Not only did Biden’s pet spending policies make inflation worse, he and his people continue to lie about their effects. You don’t have to tell average Americans that life has gotten worse for them financially since 2021. The cost of living is becoming untenable and Americans are being told to blame everything for that—from their landlords, to their bosses, to companies that supposedly just all of a sudden became gReEdy in 2023—except for the true culprits of their plight: progressive spending policies.
Many believe the country is heading for a recession, and even if not, there’s no sign the cost of living is going to come down anytime soon.
The economy is struggling right now, and no manipulating the numbers or PR media spin will change that. The true unemployment number is far higher than the 3.8% she’s claiming (it’s really closer to 7%), and we’re losing hundreds of thousands of full-time jobs as we speak. The country is hurting.
But sure, what’s another war?
Yellen went on to say that the need to release funds for both Israel and Ukraine is a “priority,” and urged Republicans in Congress to select a speaker so that such legislation can be passed.
“We stand with Israel. America has also made clear to Israel, we’re working very closely with the Israelis, that they have a right to defend themselves,” Yellen said, noting that sparing civilian lives “to the maximum extent possible” was of course important.
When pressed on the potential economic impact of the conflict in the Middle East, especially considering that oil prices remain volatile and amid concerns that neighboring powers in the region, such as Iran, could be pulled into the Israel-Hamas war, Yellen said it was “too early to gauge.”
I’m sorry, but a literal monkey could gauge the potential economic impact of such a conflict—and it would be disastrous. Americans can’t afford gas as it is, a larger Middle Eastern conflict (like going after Iran) would skyrocket oil prices (all while Biden continues to make us less independent as he blocks domestic drilling). Could that happen with or without US involvement? Maybe. But it’s hard to imagine a scenario where Israel goes after Iran without us.
This is one of the least important reasons why the US should absolutely not further involve itself in this conflict. The potential for blowback and the further strain on our resources would make all Americans less safe and poorer, and our involvement could easily lead to a much bigger regional conflict, too.

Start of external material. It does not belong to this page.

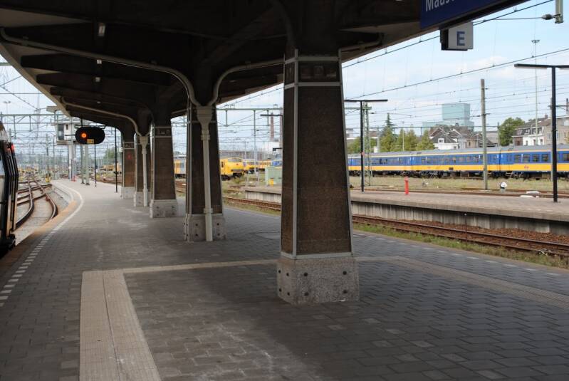 2.1. Een van de perrons van NS station Maastricht met zicht op het emplacement. Datering: 10-08-2011.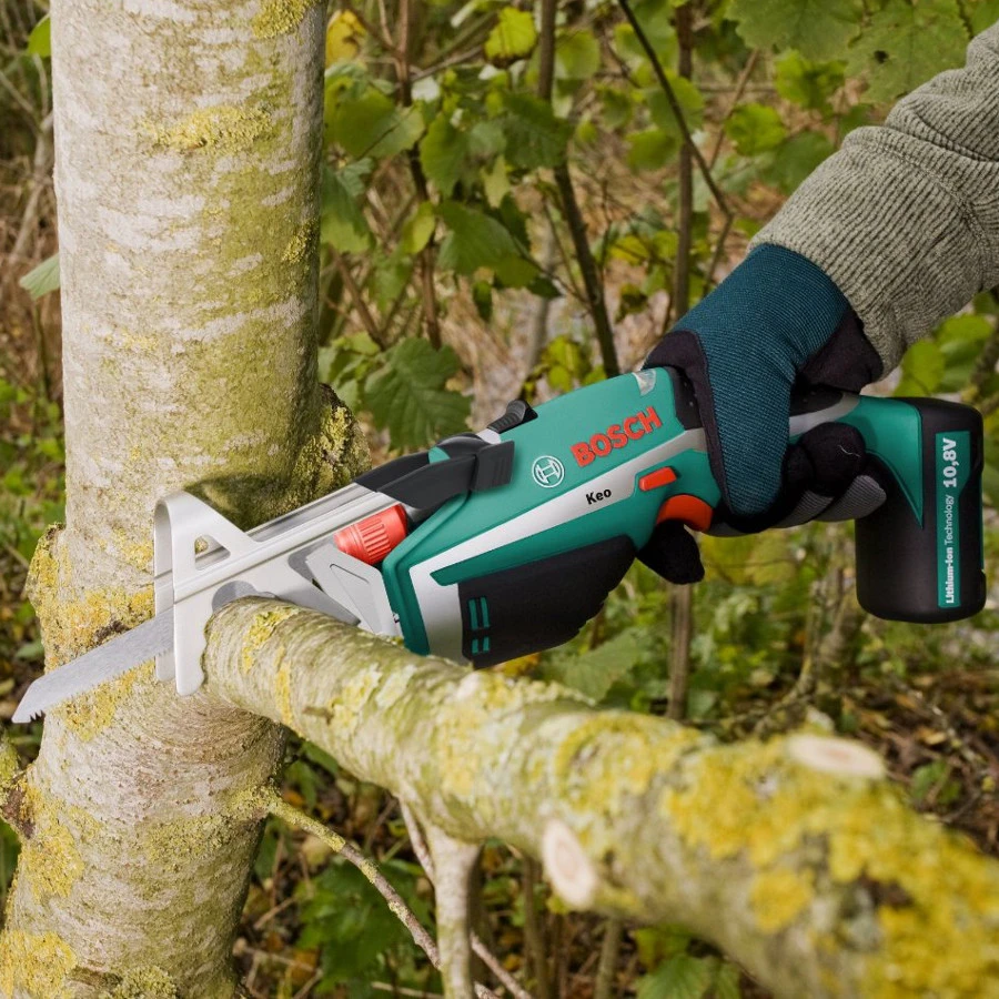 The Bosch Keo Cordless Saw provides effortless cutting giving versatile help around the house and garden. Simply squeezing the trigger cuts branches up to 80mm thick. Enables 30 to 190 cuts per battery charge. And with 5 blades for different uses and a carry case you’ll be set to do any job in the garden or home.

These are the same people who tell you we can’t afford student debt relief, free healthcare, a universal basic income, or free housing for the homeless. And they’re right, I don’t believe we can afford any of that (nor is it the proper role of government). But one would hope that if our financial leaders were going to be hopelessly stupid about money management their errors would at least benefit the American people whose labor funds their idiocracy.